Ten chapters, with an additional 73-page online chapter on embedded security, comprise this book. It draws on the expertise of the three authors from their time at the IBM T. J. Watson Research Center in Yorktown Heights, NY, and also from an additional ten contributors who author many of the chapters. This textbook is aimed at a broad range of readers, including undergraduate and graduate students, as well as professionals and researchers working in the broad area of embedded systems. It is not intended to be a textbook describing every aspect of embedded systems, but rather it is focused on building robust and secure embedded systems in environments that are harsh in some way or subject to cyberattack. For readers looking for a book to teach them how to code an embedded system, this isn’t it. Rather, the authors focus on topics and explore them in depth so that the reader develops an understanding of the underlying principles and challenges. This is done by examining specific systems in detail. These include microaerial vehicles (insect-scale aerial robots), autonomous vehicles, and spacecraft systems. The book is not aimed at novices to the field. It assumes some basic knowledge of embedded systems and reliability principles in order for the reader to extract maximum benefit from it.

The book is essentially divided into three broad areas. The first six chapters focus on concepts and challenges, chapters 7 through 9 explore specific systems and the challenges associated with each of them, and the final chapter is forward looking and covers resilience in the next generation of embedded systems.

The first part (chapters 1 through 6) begins with an introduction to the book and an overview of embedded systems. There is strong motivation for the importance of the topic as the authors point out the explosion in embedded systems ranging from connected vehicles to smart TVs, to wearable devices, to the Internet of Things. Each embedded system operates within the context of an environment and needs to behave in a reliable manner, even in the presence of failure or attack. These opening chapters help define what an embedded system is and challenges including power consumption and reliability. Chapter 2 focuses on reliable and power-aware architectures and modeling. Chapter 3 addresses real-time considerations required for rugged embedded systems. A rugged system is defined as one that must operate reliably in a harsh environment, where a harsh environment is one that is not controlled and may be subject to heat, dust, moisture, vibration, fire, power fluctuations, or limited opportunity for maintenance, just to name a few. Chapter 4 presents emerging techniques to provide reliability for embedded systems, including field-programmable gate arrays (FPGAs). Chapter 5 addresses reliability within extreme scale computing and covers topics such as resilience in scientific applications, checkpointing (user-level and privileged-level), and fault-tolerant techniques. Finally, chapter 6 covers security in embedded systems. The chapter is broken into two parts, one published in the book and a second part available online. Within the book, chapter 6 covers topics such as threat models, access control, and security policies. The bulk of the chapter, however, is devoted to cybersecurity within embedded systems. The online portion of chapter 6 covers additional security concepts, such as security and network architecture, software vulnerability, and security as it relates to the operating system architecture.

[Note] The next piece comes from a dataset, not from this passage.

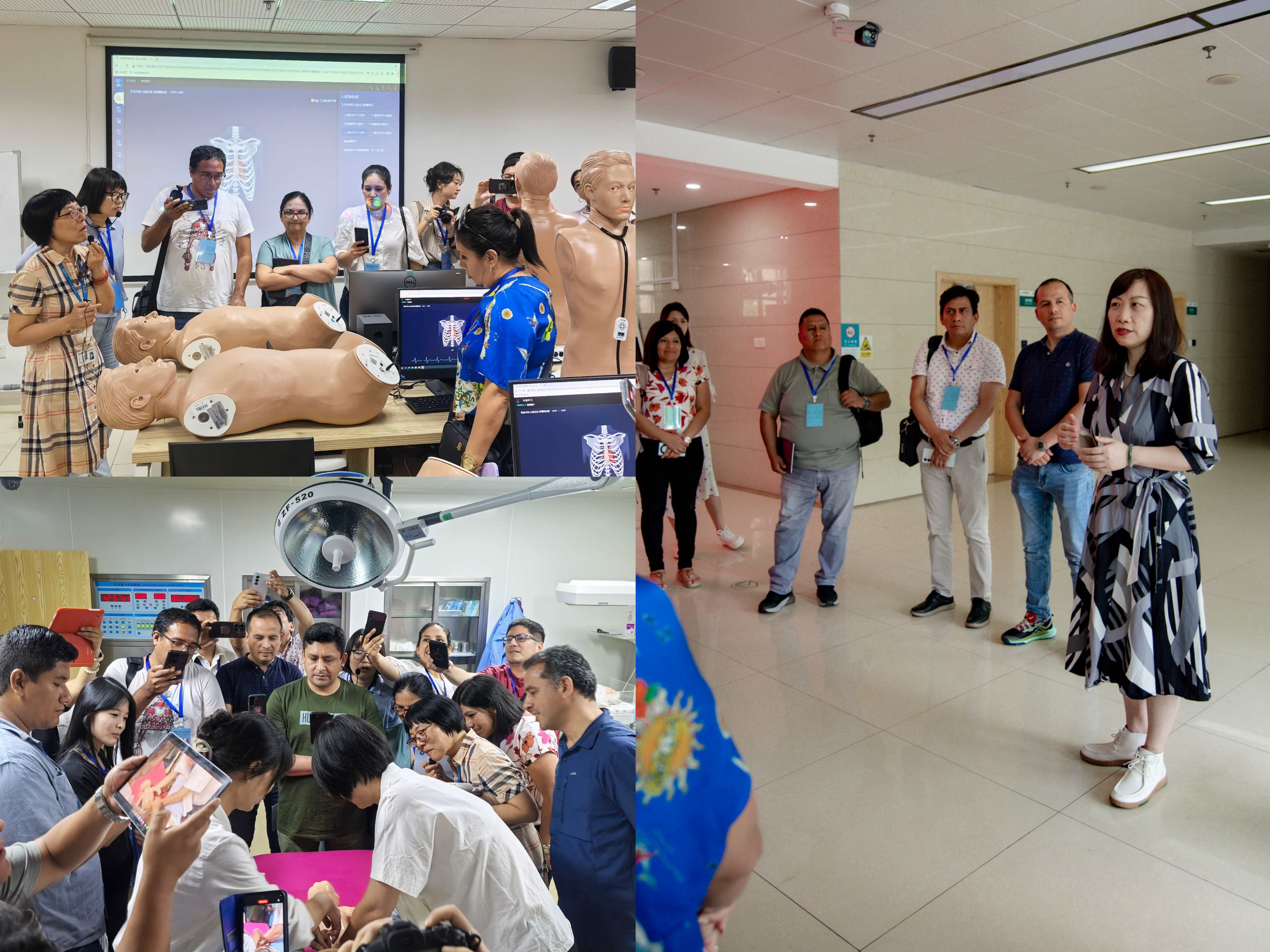 欢迎仪式之后,临床技能中心主任唐晓鸿向代表团详细介绍了医院医学模拟教学的情况,并带领代表们沉浸式参观体验了临床技能中心的多个训练场地,包括模拟急诊室、模拟产房、临床思维训练室、微创腔镜训练室、OSCE考站等。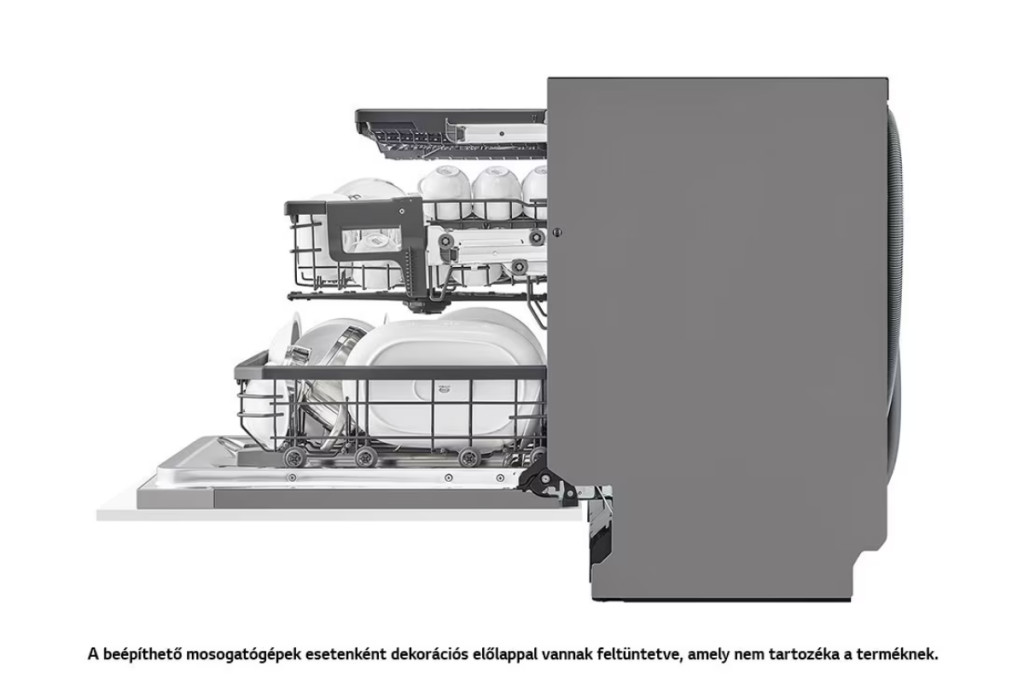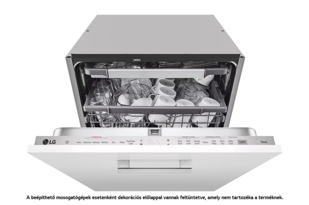 LG DB365TXS QuadWash™ beépíthető gőzös mosogatógép TrueSteam™ technológiával, Automatikus ajtónyitás, 14 teríték, ThinQ™ WiFi funkció

Having covered the core elements of resilient embedded systems, the second part of the book provides specific examples, each of which is presented in depth. Chapter 7 focuses on reliable electrical systems for microaerial vehicles such as RoboBee. Chapter 8 examines automotive embedded systems, specifically autonomous vehicles and sensors. Issues related to vibration, power supply, and other challenges are addressed in this chapter. Chapter 9 addresses computing in the space domain. Challenges related to high-performance on-board processing and the harsh environment presented by space are addressed as is dealing with faulty hardware.

Finally, chapter 10 discusses resilience in next-generation embedded systems. The focus is on the cross-layer resilience challenge when designing a rugged embedded system, given a set of resilience techniques at various levels of abstraction (circuit layer, logic, architecture, software, algorithm, and so on), in such a way that the whole system meets soft error resilience targets with minimal costs (power, execution time, and so on).

This is an excellent, in-depth book on the topic. The chapters are written by experts in the field and a deep coverage of the field is provided. While the authors believe that the book is aimed at a broad set of readers, in reality it is most helpful to graduate students, researchers, academics, and practicing professionals. It covers computer science, electrical engineering, and computer architecture concepts; in my view, it is not really accessible to the vast majority of undergraduate students.